Sequels and Remakes

I’ve been thinking lately about the old question of why sequels rarely come up to the originals. There are two answers to this one. In some cases, there is just no originality and the producers opt to rehash the original with a tweak here and there–but no amount of tweaking could ever transform “The Return of the Seven” to “The Magnificent 7.” In other cases, the original gains such lofty prominence that any sequel will be considered lame. “The Two Jakes” is by no means a bad film. In fact it’s a very good film–it’s just not “Chinatown.” The fault here can often lie with audiences that are unwilling to stretch their minds a bit.
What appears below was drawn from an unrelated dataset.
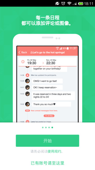 3. 针对创建的每个活动进行如同line一样的聊天,轻松针对每个活动进行联系。

Ideally a sequel should raise the bar a bit. “The Bride of Frankenstein” certainly went places where the original did not go. “The Godfather, Part II” went much deeper into the history of the Corleone clan even as it extended its present-tense story of Michael Corleone. A sequel can also extend the mythology of the original, thus “Predator 2” told us a lot much these intergalactic hunters than the original film did and “The Woman in Black 2: Angel of Death” gave more backstory to the vengeful title specter.

Remakes should thrive on re-thinking the original concepts. Philip Kaufman’s “Invasion of the Body Snatchers” did more than update Don Siegel’s 1950s classic to the 1970s and move the setting from a small California town to San Francisco. It played off the loneliness of urban living, the difficulty in establishing meaningful relationships and notion that everyone is always o.k. Mickey Spillane’s ode to vigilante justice, “I, the Jury” was transformed by Larry Cohen into a tale of rogue CIA operatives, brain-washing and the creation of perfect assassins. These re-thinks don’t always come off though. “The Jackal” attempted to make “The Day of the Jackal” bigger and better but only proved that more can be less. Another example of this was the overblown and wrong-headed version of “The 3:10 to Yuma” that stood Elmore Leonard’s story on its head without ever once capturing the sad romanticism of Delmer Daves’ original film. But sometimes remakes are righteous acts. Much as I love “The Thing from Another World” it doesn’t have a damn thing to do with John W. Campbell’s masterful novella “Who Goes There?” No, it took John Carpenter, color and eye-popping special effects to do justice to this classic tale of a shape-shifting alien preying on the personnel of an isolated research station.

All things considered I’d always rather sit and watch a remake rather than a sequel, but it’s always pleasant to encounter a sequel that excels.